Data excerpts
______________________________

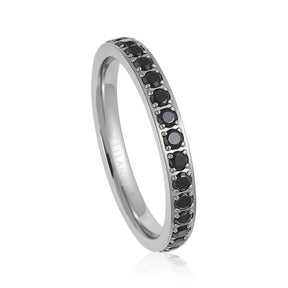 Silver Titanium Ring Full Eternity Black Cubic Zircon Diamonds 3mm
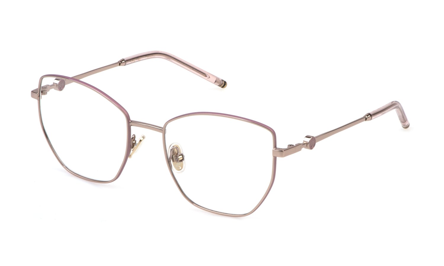 This Mulberry frame features a delicate geometric cat-eye design in a soft metallic rose-gold / mink finish with a subtle pink hue along the brow. Slim temples and refined detailing create an elegant, lightweight look with a modern, feminine edge.
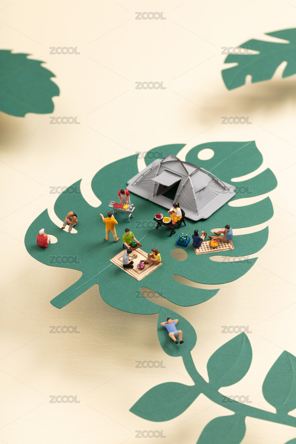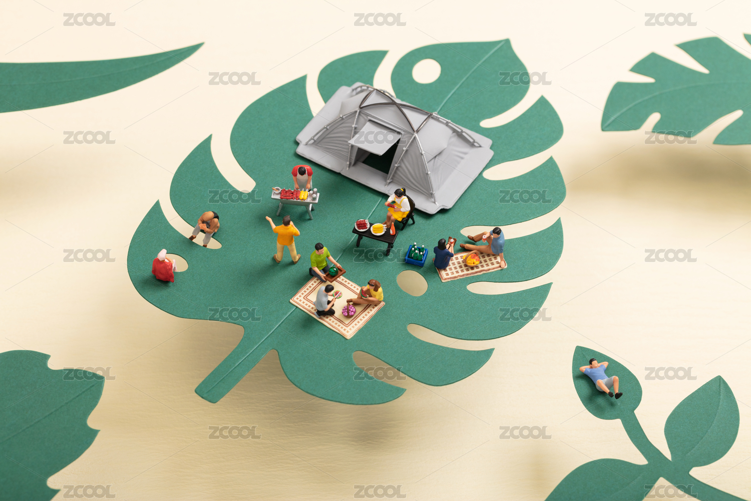 微縮創(chuàng)意在懸浮的葉子上露營燒烤的人群
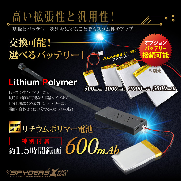 ●マイクロコネクタ搭載でいろんなサイズのリチウムポリマー電池が使える!
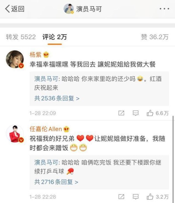 虽然结婚这件事没有引起特别多人的关注,不过,演员杨紫跟任嘉伦还是第一时间送上了祝福并且纷纷表示要去马可家蹭饭,都让马可的妻子王丹妮给自己做饭,而马可则表示杨紫没少吃自己的饭,看来杨紫经常去马可家蹭饭无疑了。
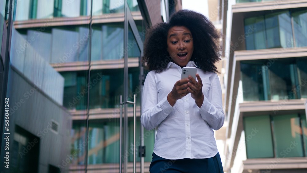 Happy African American woman businesswoman female holding mobile phone smartphone technology finance celebrate victory girl win achieve business deal manager employer e-commerce raise joy outside city
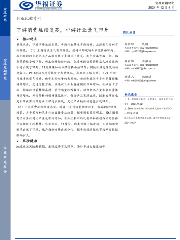 【华福证券】【20241204】行业比较专刊:下游消费延续复苏,中游行业景气回升-20页 行业研究
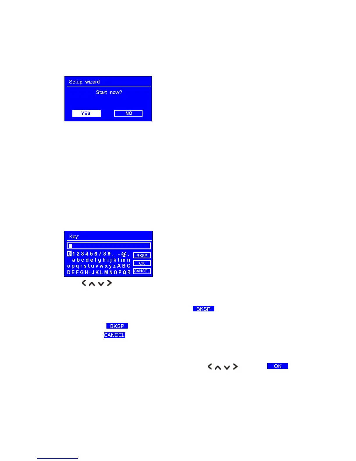 2. Press OK button to confirm ‘YES' to start setup. Options in the setup wizard include the following:
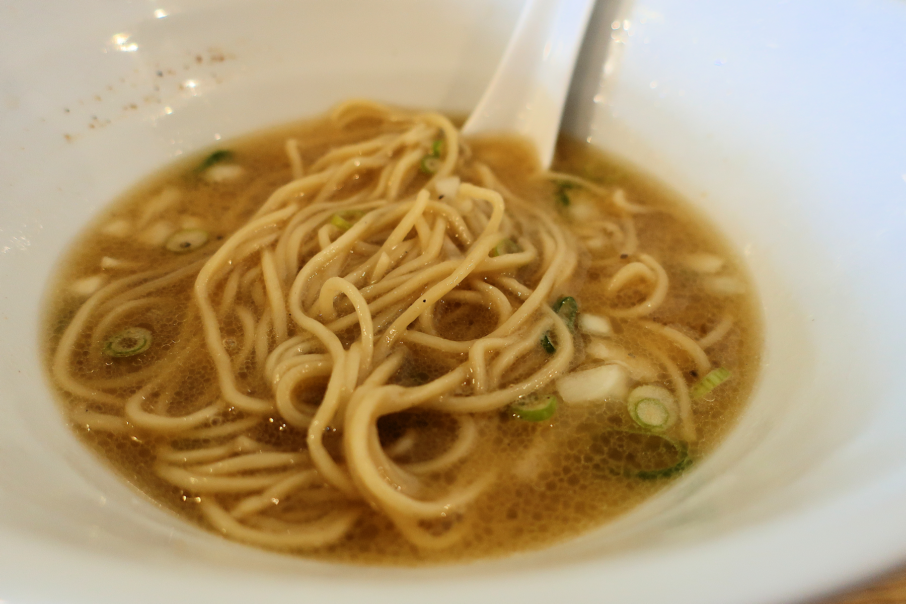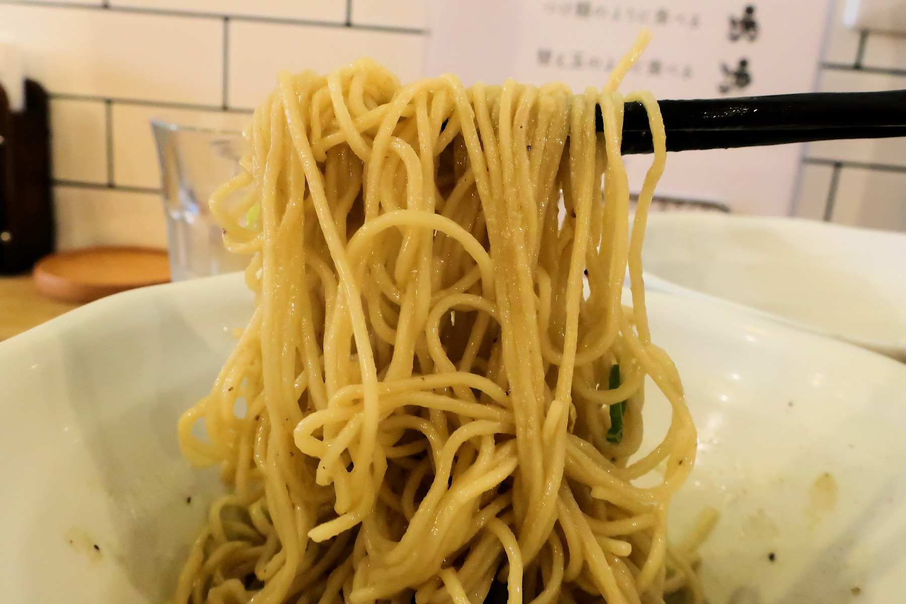 真鯛中心の淡麗スープの旨味を綺麗に受け止め、スルスルといつまでも啜りたいほどの美味しさ。
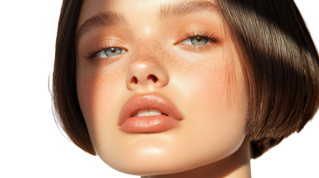 Young woman with curly hair isolated on transparent background
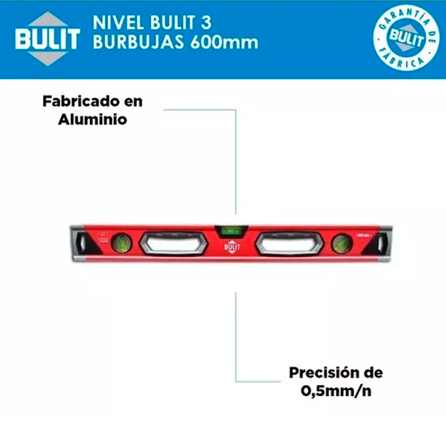 El Nivel Bulit 3 Burbujas 600mm Aluminio es el aliado perfecto para todos aquellos que buscan precisión y calidad en sus proyectos de construcción y bricolaje. Con su marca reconocida, Bulit, garantiza durabilidad y confiabilidad en cada uso. Este modelo en particular cuenta con tres burbujas, lo que permite una nivelación precisa en diferentes ángulos y direcciones. Su tamaño de 600mm lo convierte en una herramienta versátil, ideal para trabajos en espacios reducidos o de mayor envergadura. Además, su construcción en aluminio asegura ligereza y resistencia, facilitando su manipulación y transporte. No pierdas la oportunidad de adquirir este nivel de alta calidad y mejorar tus proyectos de construcción.

______________________________

◆ Task to complete
For this exercise, copy each line of the data above exactly, from the first through the line containing "Young woman with", and drop the pictures.

◆ Output
 Silver Titanium Ring Full Eternity Black Cubic Zircon Diamonds 3mm
 This Mulberry frame features a delicate geometric cat-eye design in a soft metallic rose-gold / mink finish with a subtle pink hue along the brow. Slim temples and refined detailing create an elegant, lightweight look with a modern, feminine edge.
 微縮創(chuàng)意在懸浮的葉子上露營燒烤的人群
 ●マイクロコネクタ搭載でいろんなサイズのリチウムポリマー電池が使える!
 虽然结婚这件事没有引起特别多人的关注,不过,演员杨紫跟任嘉伦还是第一时间送上了祝福并且纷纷表示要去马可家蹭饭,都让马可的妻子王丹妮给自己做饭,而马可则表示杨紫没少吃自己的饭,看来杨紫经常去马可家蹭饭无疑了。
 Happy African American woman businesswoman female holding mobile phone smartphone technology finance celebrate victory girl win achieve business deal manager employer e-commerce raise joy outside city
 【华福证券】【20241204】行业比较专刊:下游消费延续复苏,中游行业景气回升-20页 行业研究
 2. Press OK button to confirm ‘YES' to start setup. Options in the setup wizard include the following:
 真鯛中心の淡麗スープの旨味を綺麗に受け止め、スルスルといつまでも啜りたいほどの美味しさ。
 Young woman with curly hair isolated on transparent background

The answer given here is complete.